Ever since the chancellor George Osborne announced plans to change the pension regulations on April 6th this year, there has been plenty of speculation about the decisions people will make over how to plan for retirement.
The changes mean that people have more freedom and can take cash in lump sums rather than annuities, and it has meant more options becoming available for older people. One such alternative to a traditional pension has been the buy-to-let market, which offers better returns for a new generation of pensioner than they could get from annuities.
At the moment, when the rental income is combined with capital appreciation of the property itself and the retention of the asset, it becomes clear that the property market is more lucrative for older people than traditional investment classes.
And now, according to one expert, those saving for retirement are going to increasingly start turning to one of the hottest assets – student property.

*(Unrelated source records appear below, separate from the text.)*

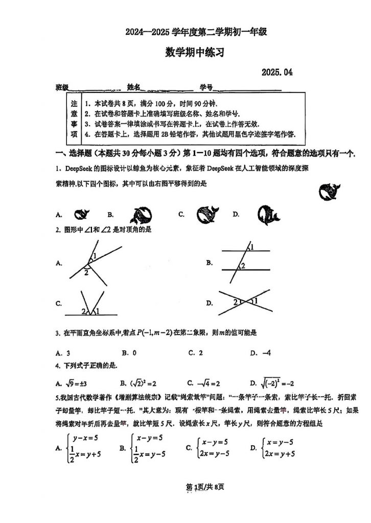 2025北京各区初一期中考已陆续开始,北达教研组整理了2025北京理工大附中初一(下)期中数学试题,分享给大家。
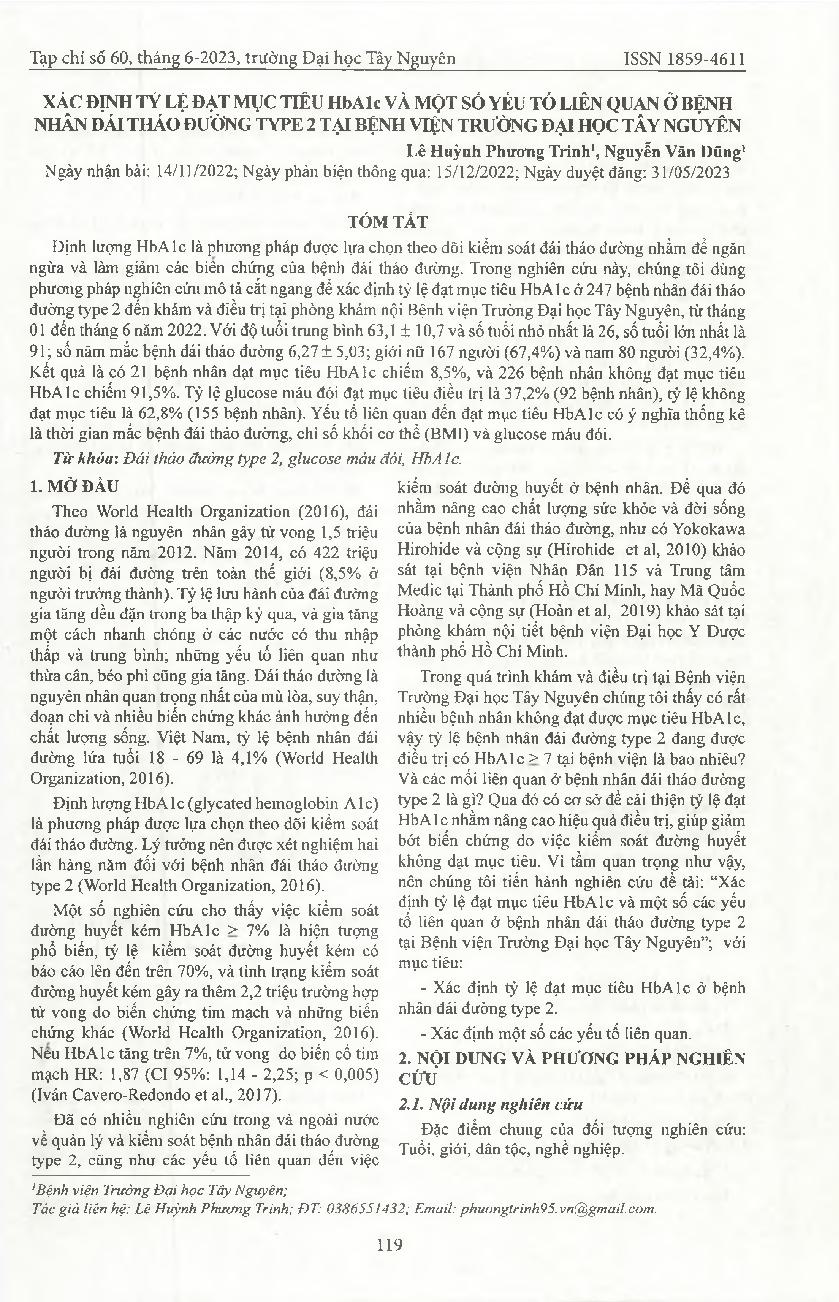 Xác định tỷ lệ đạt mục tiêu HbA1c và một số yếu tố liên quan ở bệnh nhân đái tháo đường type 2 tại Bệnh viện Trường Đại học Tây Nguyên
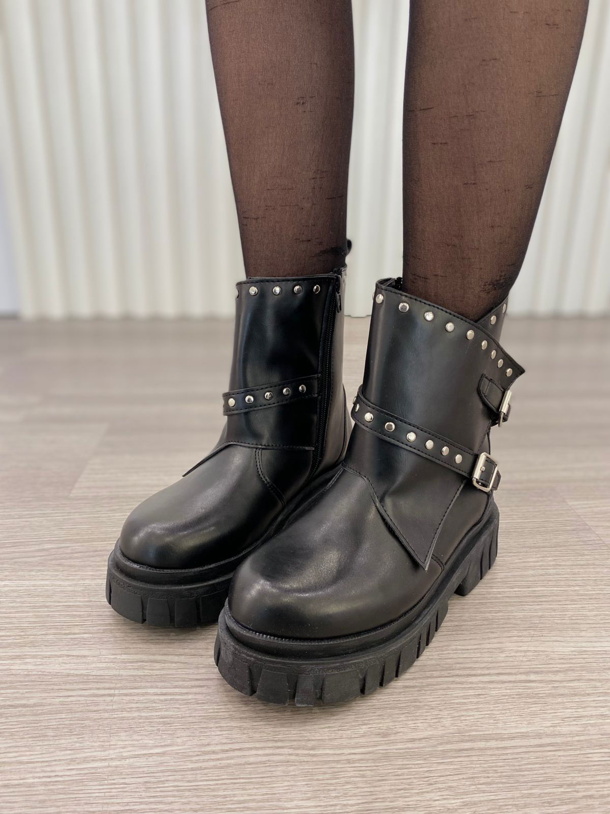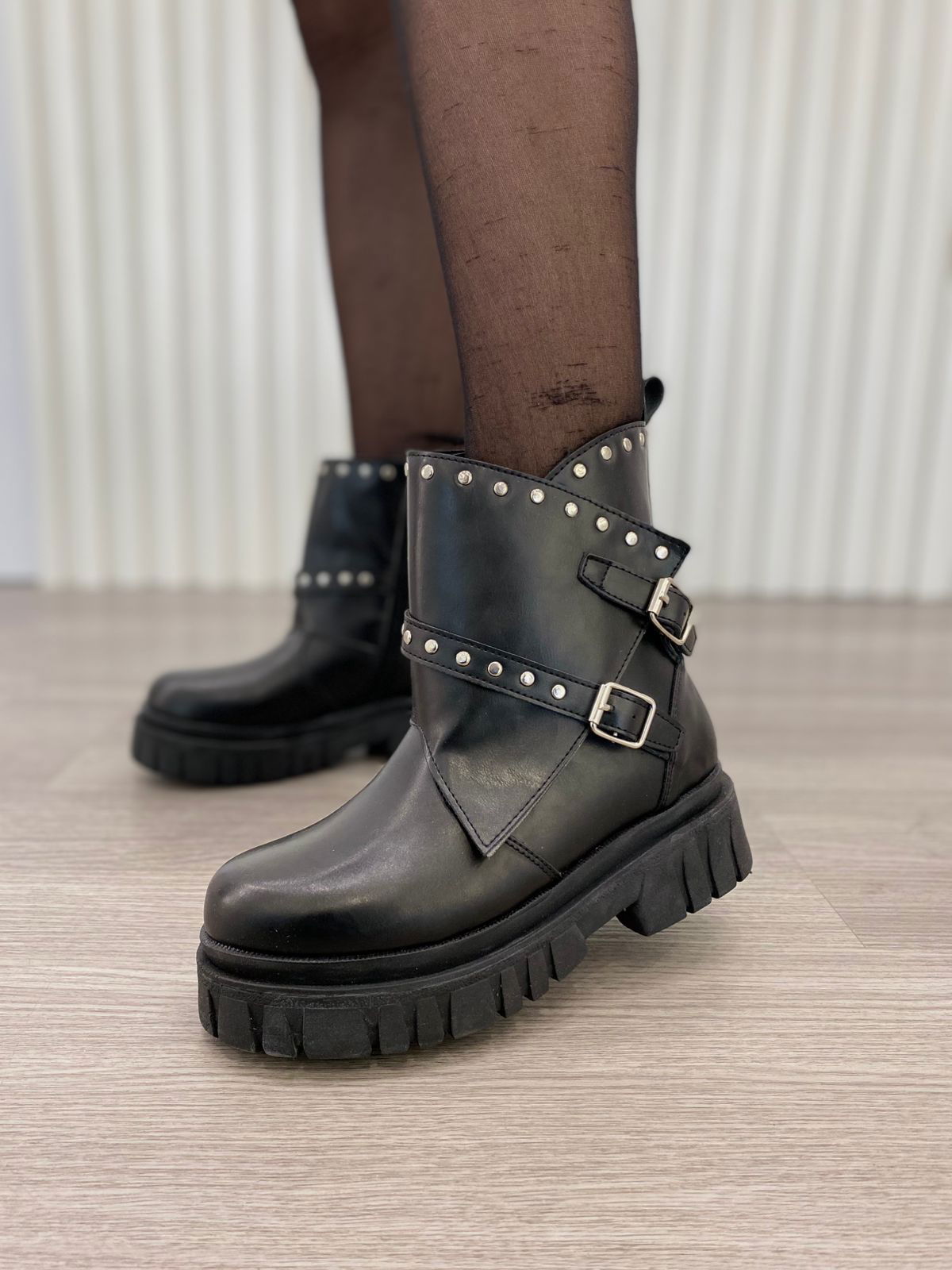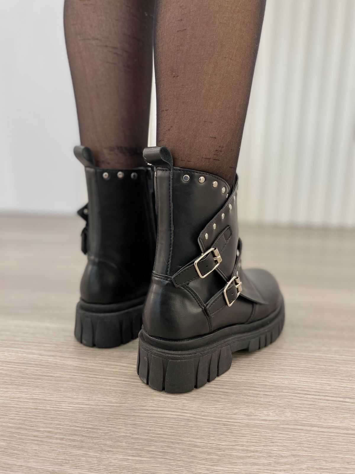 Borcegos sin cordones con detalle de solapa, cintos y tachas.
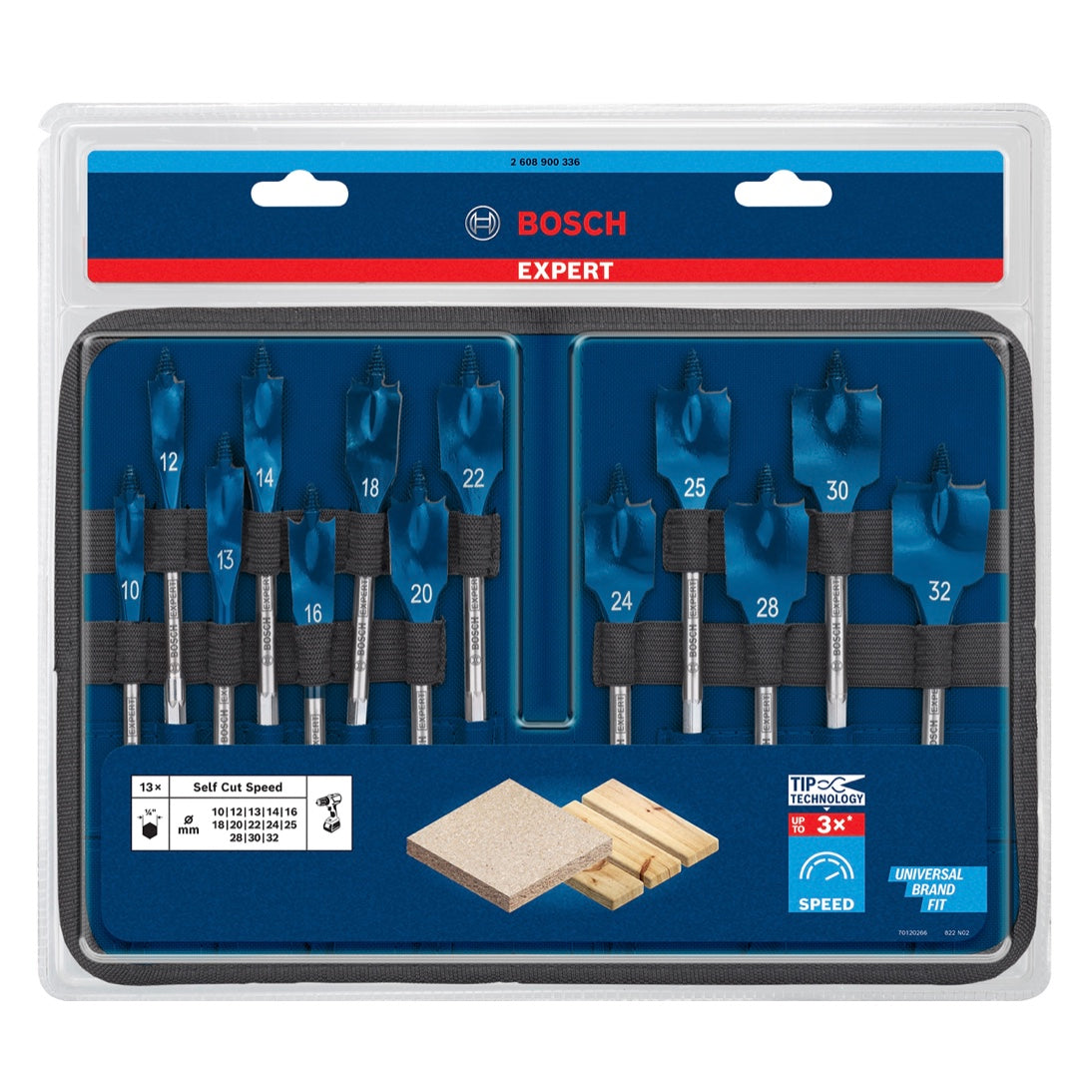 - 13x Bosch EXPERT SelfCut Speed flat milling cutters ( 10 / 12 / 13 / 14 / 16 / 18 / 20 / 22 / 24 / 25 / 28 / 30 / 32 mm )
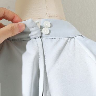 三角に開いた胸元が素敵なランタンスリーブブラウス
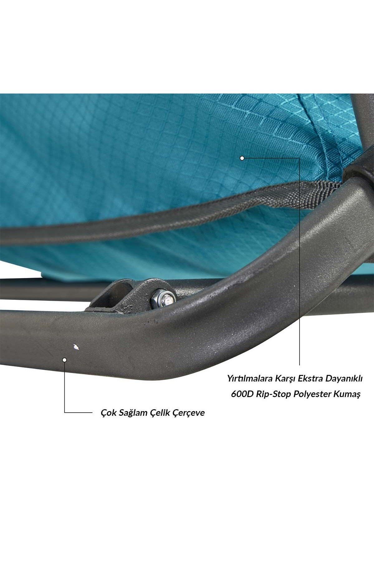 Ekstra sağlam ve hafif çelik çerçeve.yerden tasarruf etmek için katlanma özelliğne sahiptir. Bagajda veya karavanda idealdir. Sabitlemek için cırt cırtlı kayışları mevcuttur.
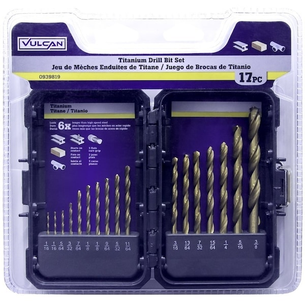 Drill Bit Set, 17-Piece, High Speed Steel/Titanium Nitride, Bright Yellow
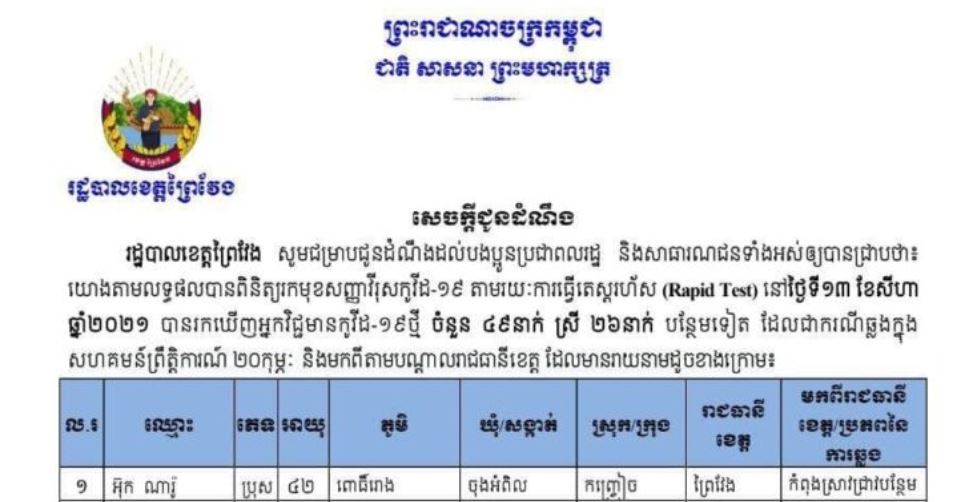 ខេត្តព្រៃវែង បានរកឃើញអ្នកឆ្លងជំងឺកូវីដ-១៩ថ្មីចំនួន ៤៩នាក់និងជាសះស្បើយ ១០៦នាក់ ក្នុងរយៈពេល ២៤ម៉ោងចុងក្រោយ
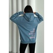 Kadın Mavi Do What Makes You Happy Baskılı Oversize Kapüşonlu Sweatshirt Mavi
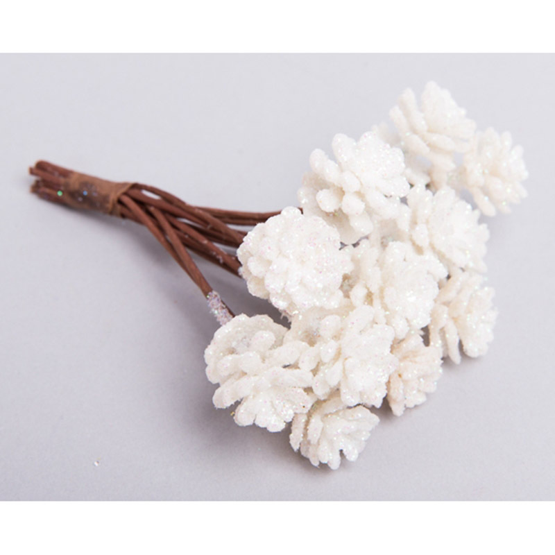 Шишки на проволоке с глиттером 2х2х10см, белый, 12 шт, 95215
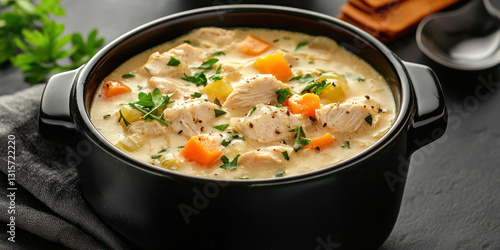 Creamy chicken stew with vegetables in black pot, garnished with herbs
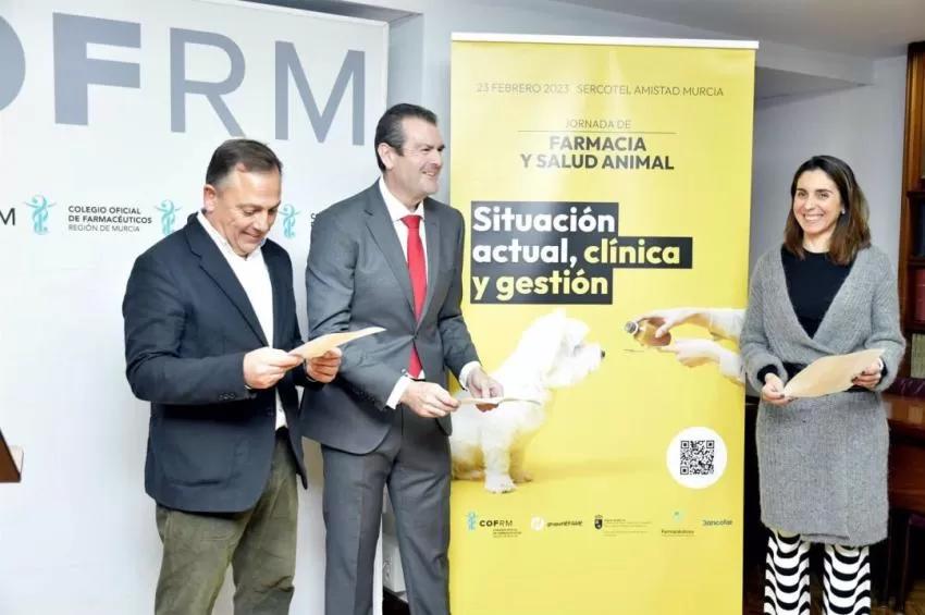 La presidenta del Colegio de Farmacéuticos, Paula Payá, el presidente de Hefame, Enrique Ayuso, y el director general de Agua, Agricultura, Ganadería y Pesca, Francisco J. Espejo, han presentado la Jornada 'Farmacia y Salud Animal' que analizará la situación actual sobre la clínica y la gestión de los medicamentos de uso para mascotas.
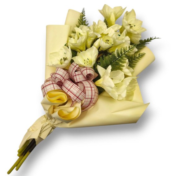 Starannie dobrane kwiaty są niezwykle realistyczne, dodając wiązance autentyczności i podkreślając jej uroczysty charakter.

In the last few years, it has become the darling of the investment market thanks to the strong returns it has to offer.
And Professor Mark Shackleton, from Lancaster University’s Department of Accounting & Finance, told North West Tonight: “One suggestion is that a lot of money will go into buy-to-let properties. And in this region, we’re just right next to some student accommodation for the university. That could be an alternative way to provide for your retirement, rather than buying an annuity.”
Student property has become more and more popular over the last three years, with 2012, 2013 and 2014 all having seen the sector attracting £2 billion worth of investment apiece. The return of strong application numbers since the initial decline after tuition fees were raised has meant that investors have been feeling confident about the market’s prospects.